2009.12.01.Tue.01:50
「サースト~渇き~」

原題: 박쥐 (こうもり)
製作年: 2009 年
製作国: 韓国
監督: パク・チャヌク
出演: ソン・ガンホ、キム・オクビン、キム・ヘスク、シン・ハギュン、オ・ダルス、パク・イヌァン、ソン・ヨンチャン

thirst poster

[あらすじ]
病院に勤める神父サンヒョン (ソン・ガンホ) は、神に祈っても死んでいく人間を助けることのできない無力さに悩み、ワクチン開発の人体実験に参加する。実験でウイルスに感染してしまうが、輸血で奇跡的に助かるものの、サンヒョンはヴァンパイアとなってしまう。生還したことにより、彼を奇跡の人と崇める信奉者の中に、幼少のころの友人カンウ (シン・ハギュン) とその妻テジュ (キム・オクビン) がいた。

2009 年 カンヌ国際映画祭 審査委員賞 受賞

■ ■ ■ ■ ■ ■ ■ ■


注: 以下、少しネタバレがありますので、あらかじめご了承ください。



さてさて、今年のフィルメックスのクロージング作品は、パク・チャヌク監督の 「サースト~渇き~(仮題)」 (邦題は 「渇き」 となり 2010 年 2 月公開)。

韓国映画ファンならずとも、上映を待っていた方々は多かったのではないでしょうか。しかも、パク・チャヌク監督来日で Q&A 付きもお楽しみということで、チケットは即完売でした。

10 月の PIFF でも、監督登壇となると韓国内では別格として人気を誇っておられますので、チケットがとれず、涙をのみました。そういえば、PIFF バージョンは今回より 10 分ほど長かったはず。どういう違いがあったのかも是非知りたいです。
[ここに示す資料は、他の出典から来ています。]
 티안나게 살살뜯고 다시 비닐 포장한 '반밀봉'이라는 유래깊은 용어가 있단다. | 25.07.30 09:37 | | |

思ったより笑いの場面も多くて、かなり笑いました。シニカルだったり、キュートだったり。ヴァンパイアなので血は出てきますが、血が笑いのネタにもなっていたところも面白かったですね。ストーリーラインもあらかじめ知っていたところもあったのですが、それでも、こういう展開だったのか~と驚きが多かったです。とにかく、セリフがよく練られていて、会話も楽しめました。
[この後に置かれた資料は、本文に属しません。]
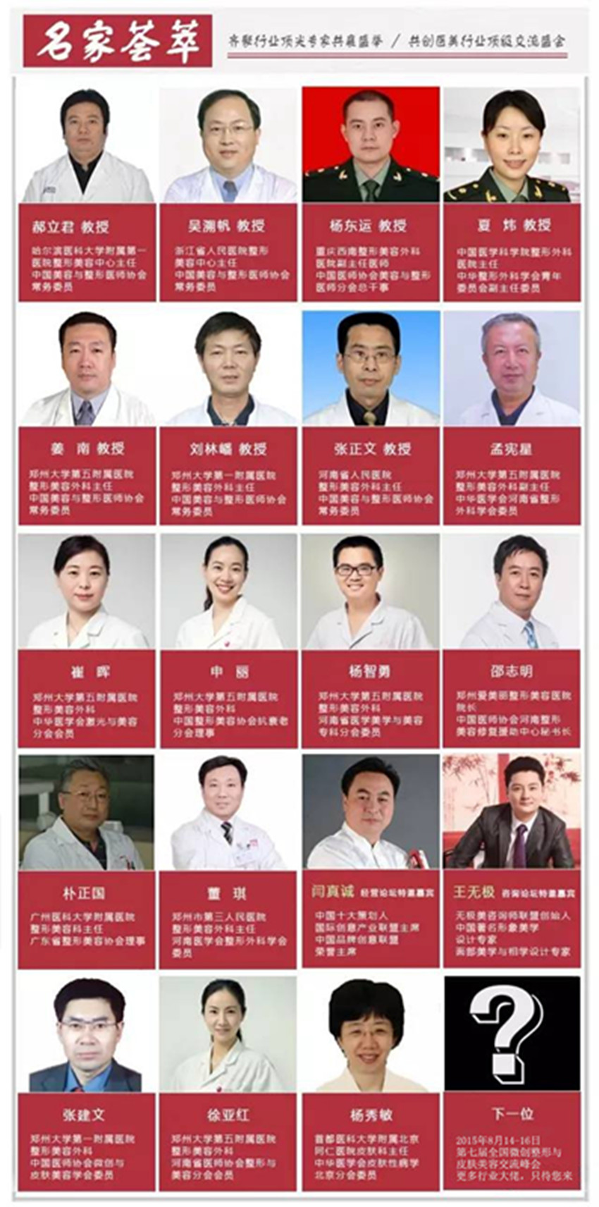 應(yīng)邀出席此次大會(huì)的不僅有眾多國(guó)內(nèi)知名教授,還有來(lái)自國(guó)外的頂級(jí)專家。本次會(huì)議將從不同角度、不同層面展現(xiàn)國(guó)內(nèi)外美容、整形方面的新技術(shù)、新進(jìn)展,同時(shí)會(huì)議還將分別就激光美容、運(yùn)營(yíng)管理、咨詢營(yíng)銷等方面進(jìn)行全面、深入的交流和研討。為醫(yī)美界廣大醫(yī)師和同行提供了良好的學(xué)習(xí)交流和溝通的平臺(tái)。

衣装、セット、色彩の構成は、モダンだったり、クラシカルだったり、美術的、映像的にも見ごたえがありました。個人的には、やはりテジュが着ていた青のドレスが目を引きました。

主役のソン・ガンホ、キム・オクビンはもちろんのことでしたが、脇を固める役者さんも 「凄み」 がありました。シナギュンが演じたマザコン息子は最高!!冷え性体質なのね (爆)。姑役のキム・ヘスクの目も怖いし、ヴァンパイアになりたがっていた盲目の老神父のパク・イヌァンや、マージャン仲間のオ・ダルス&ソン・ヨンチャン、皆さん、存在感ばっちりで、言うことありません。(何気に、「GBW」 メンバー多し...笑)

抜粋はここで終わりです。